A recently celebrated failure is especially telling of the culture at Sitter.me, Stiles says.
“It was actually something I did,” she says. “I completely screwed up where I gave a major client the wrong price. We have a new B2B model helping nanny services to use technology, but we’re in the early stages. I had quoted a price to this major customer, and then changed the price and it was much higher.”
After apologizing profusely to the client, Stiles took the opportunity to lead by example, and called out her own blunder to the entire team.
“How we view mistakes is you admit it, you learn very quickly, and then turn it around,” she says. “We immediately put a structure in place for the sales process where we have all the client information in one place, including the quoted price.”
“The thing that always comes to mind is Peyton Manning,” she says. “If he’s having a fabulous quarter and then all of a sudden he throws an interception, he can’t sit there and dwell on it, otherwise he’s just going to throw another one. He has to address it and move on and throw a great pass the next time. Admit it, fix it, move on.”
The company’s hiring process is still evolving, partially because the company itself is still quite small. So far, Sitter.me has hired only one employee through the traditional system of resume submission and review—for marketing coordinator Elena Shaw, who started as an intern.
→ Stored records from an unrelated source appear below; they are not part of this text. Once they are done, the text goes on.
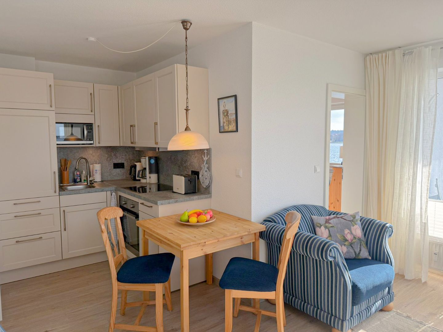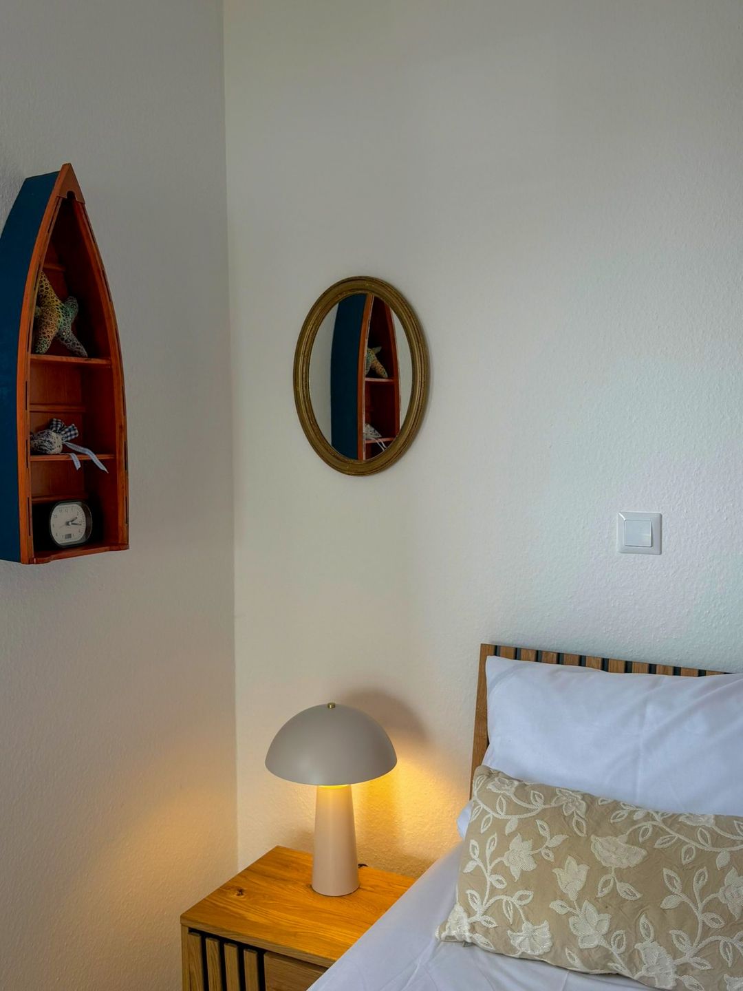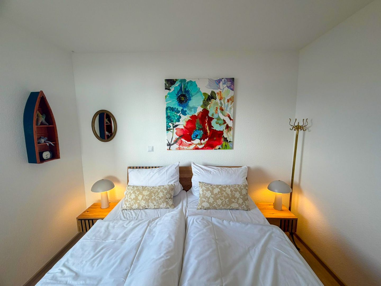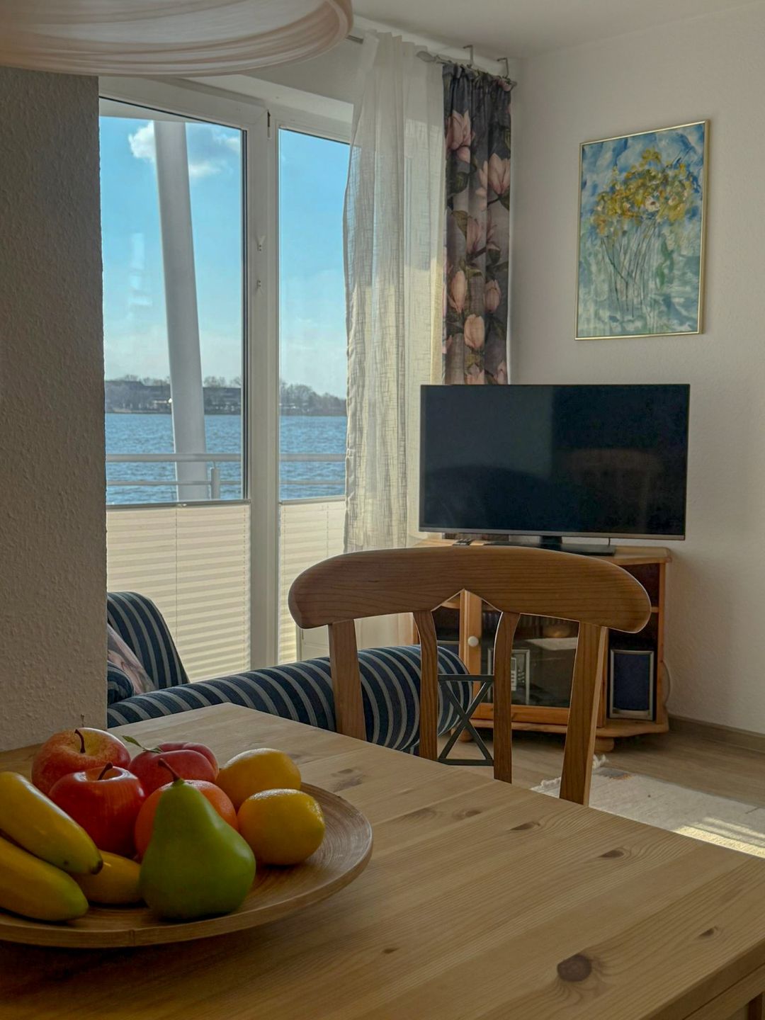 Die gemütlich eingerichtete Unterkunft im Hochparterre bietet 3 Zimmer auf 47 qm für 2 Gäste und begeistert durch den herrlichen Ausblick über den Heiligenhafener Binnensee und die Nähe zum Badestrand.
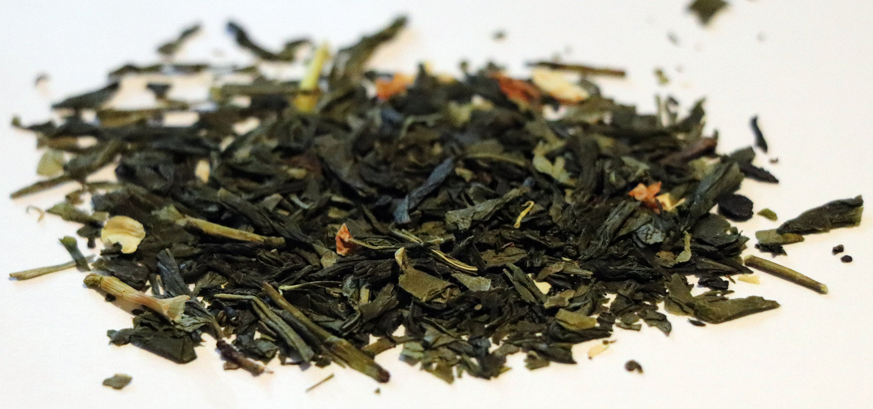 Jasmine Peach Green Tea - Lush peach notes with sweet overtones. Superb quality green tea dotted with jasmine petals comes alive with one of the world's favorite flavors.
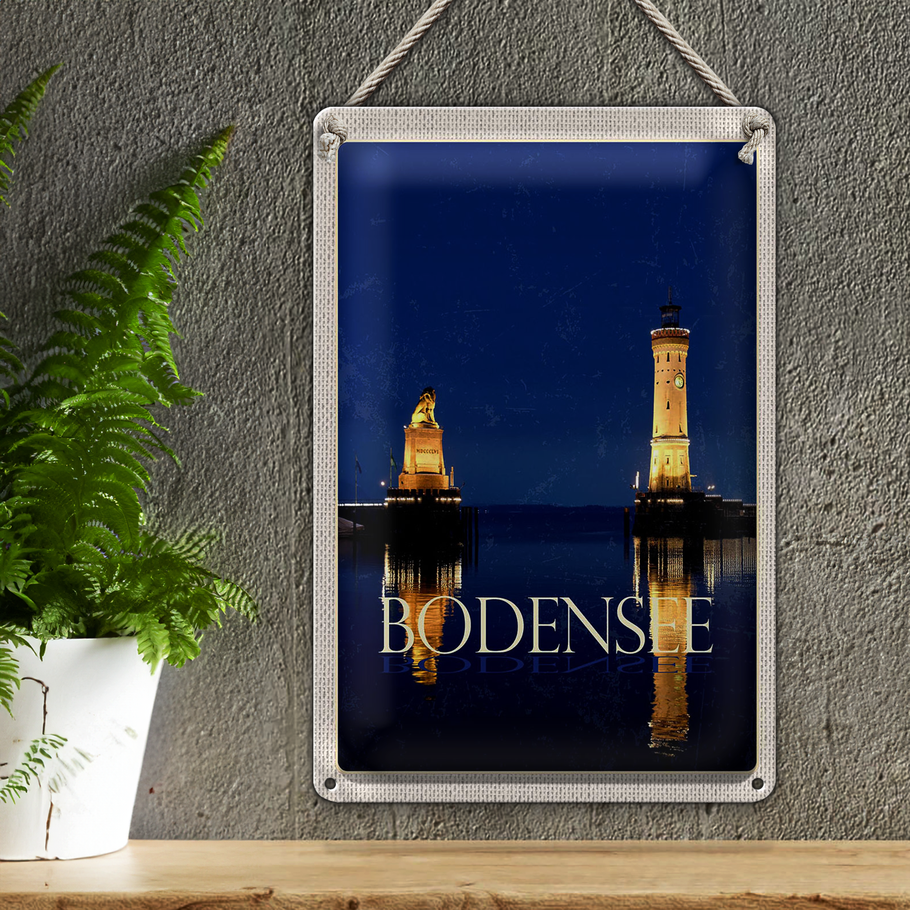 Blechschild Reise 20x30cm Bodensee Deutschland Leuchttutm Nacht
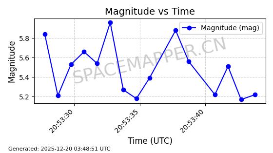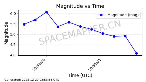 | STARLINK-32048 | 60156 | 60156 | 2024-06-27 同日期轨道 2024-120X 同批次轨道 | 在轨 | 94分钟 | 53.1622 | 474.274 | 476.26 | 0.0001448 | 2025-12-19 05:00:02 | ||
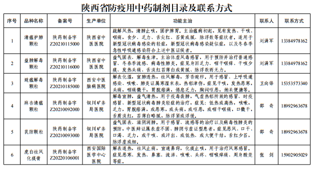 一是全市具有相關(guān)調(diào)劑品種使用需求且符合資質(zhì)的醫(yī)療機(jī)構(gòu)均可從《陜西省防疫用中藥制劑目錄及聯(lián)系方式》(詳見附件)中的醫(yī)療機(jī)構(gòu)購進(jìn)目錄中的13種制劑產(chǎn)品,調(diào)劑使用時(shí)間從發(fā)文之日起至 2023年6月30日。
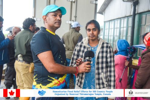 அண்மையில் இலங்கையின் அனைத்துப் பகுதியிலும் வெள்ளம் மற்றும் மண்சரிவு போன்ற இயற்கை அனர்த்தங்கள் காரணமாக அங்குள்ளவர்களுக்கு உதவிகள் தேவை என்பதை அறிந்த கனடா மொன்றியால் அருள்மிகு திருமுருகன் ஆலய நிர்வாக சபையினர் தகுந்த அமைப்புக்கள் மற்றும் சேவையாளர்களை அணுகிய போது திருவாளர்கள் பிரதீபன் மகேந்திரன் மற்றும் மனோஜ் ராஜகோபால் மற்றும் அவர்களது குழுவினர் இந்த பணிக்கு ஏற்றவர்கள் என்பதை அறிந்து கொண்டார்கள்.

Two other recent hires connected via professional networks: Sarah Molk, who unexpectedly connected via one of Sitter.me’s customers, and Stephanie Burdick, a former employee of Stiles.
Sitter.me’s office is in tight quarters, and everyone knows that a new person will have to fit in from the beginning. Stiles says the interview process entails the candidate coming to the office and spending a couple of hours getting to know all the employees and what they’re working on. This practice makes for a better atmosphere all around—a goal the team also works toward through the go-to activity of community volunteering. The staff has participated in four volunteer events so far and plans to do one every quarter.
“The first one was really the best,” Stiles says. “Matt [Stueve, co-founder and CTO] is a big outdoor enthusiast and hiker, so he wanted to plan a community service thing where we go and help fix trails with Boulder County Parks and Open Space. We thought we were going to go out, do some trail building—‘Oh, sounds fun.’”
The rest of the team then found out that they were going to be loading a wood chipper with chopped-down branches from an invasive species of trees near Boulder Creek.
“As a volunteer, you don’t really know the exact kind of thing you’re going to be doing. It was July. It was 100 degrees out. I’ve never been so hot,” Stiles says, starting to tear up with laughter at her story. “We had to wear jeans and long-sleeve shirts, and these huge helmets that were scorching hot; you couldn’t hear anything because you had these big ear things on, dripping sweat.
“We were dumping buckets of creek water on our heads to cool off. And we had talked another Techstars company into doing this with us—they left. They were like, ‘We’re never doing another community service project with you ever again.’ But one thing about our culture, if we say we’re going to do something, we do something. We promised we would do this, we had committed, and we stuck it out. But we thought we were going to die. It was so much fun and so terrible at the same time.”
In this case, fun and terrible were a great combination for team building. Stiles also touches on one point about culture that she learned from a previous position: It’s a success for the company if an employee grows so much that they need to move on.
“One of the things that I think is so important, this was an HP Way value that I learned, was if somebody moves on because they develop skills at your company and they want to take those skills further, and we just can’t offer that kind of capacity of work, then it’s a celebration of success of the company,” Stiles says.
“That’s what happened with Emily [Stockton, former Sitter.me employee]. She learned a ton; she was a speech language major. We had her learn about social media and other marketing stuff, and she went on and became a full time social media manager. We just don’t have that kind of need at our company yet. But I just talked to Emily yesterday.”
April Nowicki is a staff writer at Street Fight.